How much boats-streams-pipes-cisterns appears in AFCAT?

On average about half a mark per paper across recent AFCAT papers — sometimes a single question, sometimes none. The topic is light, but the marks are nearly free if you have done a 30-minute revision.

Are pipes-and-cisterns and boats-and-streams ever combined into one question?

No. AFCAT keeps the two sub-topics separate. A single question will be either purely a boat or purely a pipe scenario.

Is the boat-and-stream formula the same as the airplane-and-wind formula?

Yes. The same b ± s structure applies — b is the plane's air speed, s is the wind speed, downstream becomes tail-wind, upstream becomes head-wind. The maths is identical.

How do I handle a problem where the leak only starts after the tank is partially full?

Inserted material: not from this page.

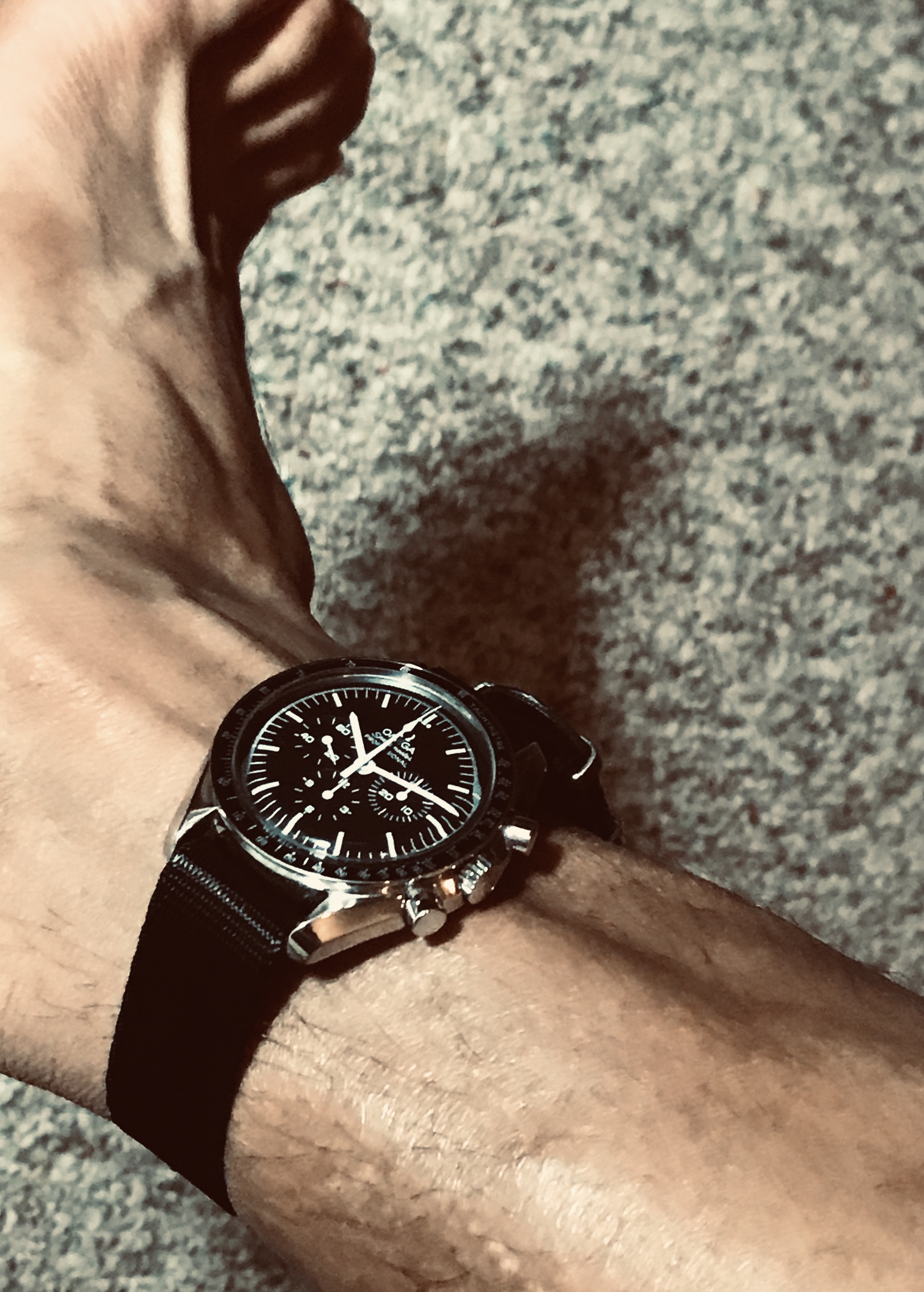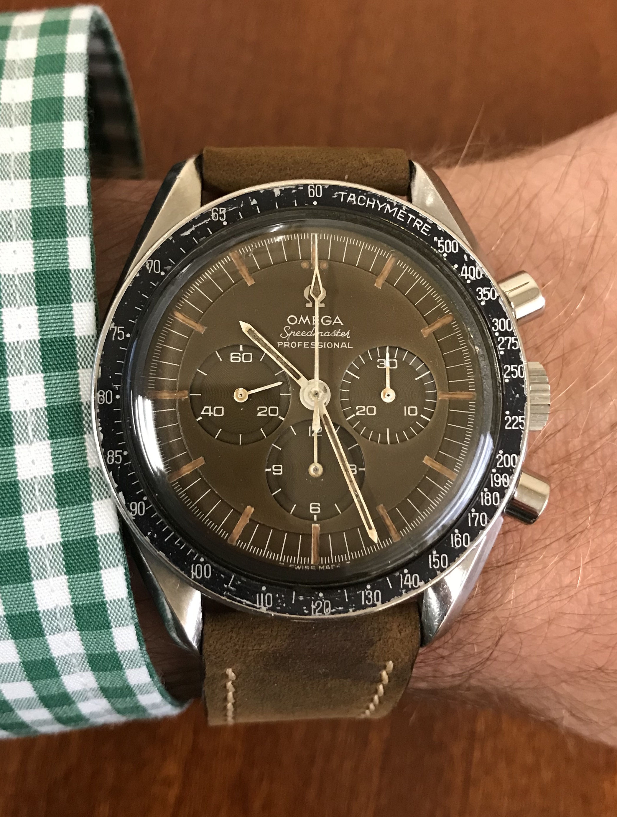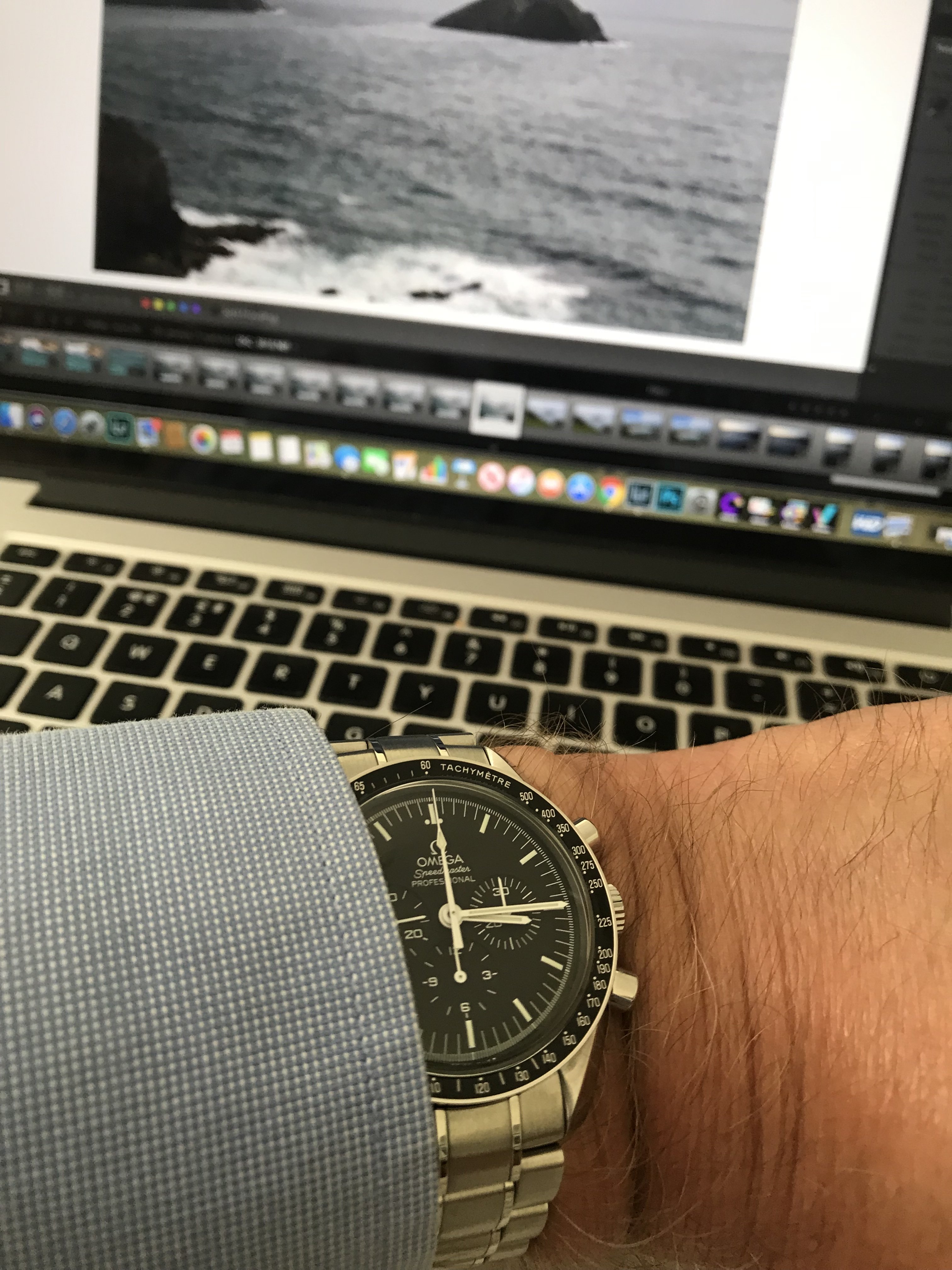 Gave the Speedmaster an outing this morning, it goes well under shirt cuffs and gives just the right impression at an interview

Split the timeline into two stages: stage 1 with no leak, stage 2 with the leak active. Compute the volume added in each stage separately and add them up. The same staged approach works for any time-shifted pipe problem.

What if the upstream speed comes out negative or zero?

That means the stream is at least as fast as the boat (s ≥ b), so the boat cannot make progress upstream at all. AFCAT will not pose such a question — if your numbers give this, recheck your arithmetic.

Do I need to memorise the harmonic-mean round-trip formula or can I derive it?

Memorising 2du/(d+u) saves about 30 seconds. The derivation is straightforward — total distance divided by total time — but in a paced exam, the formula is faster.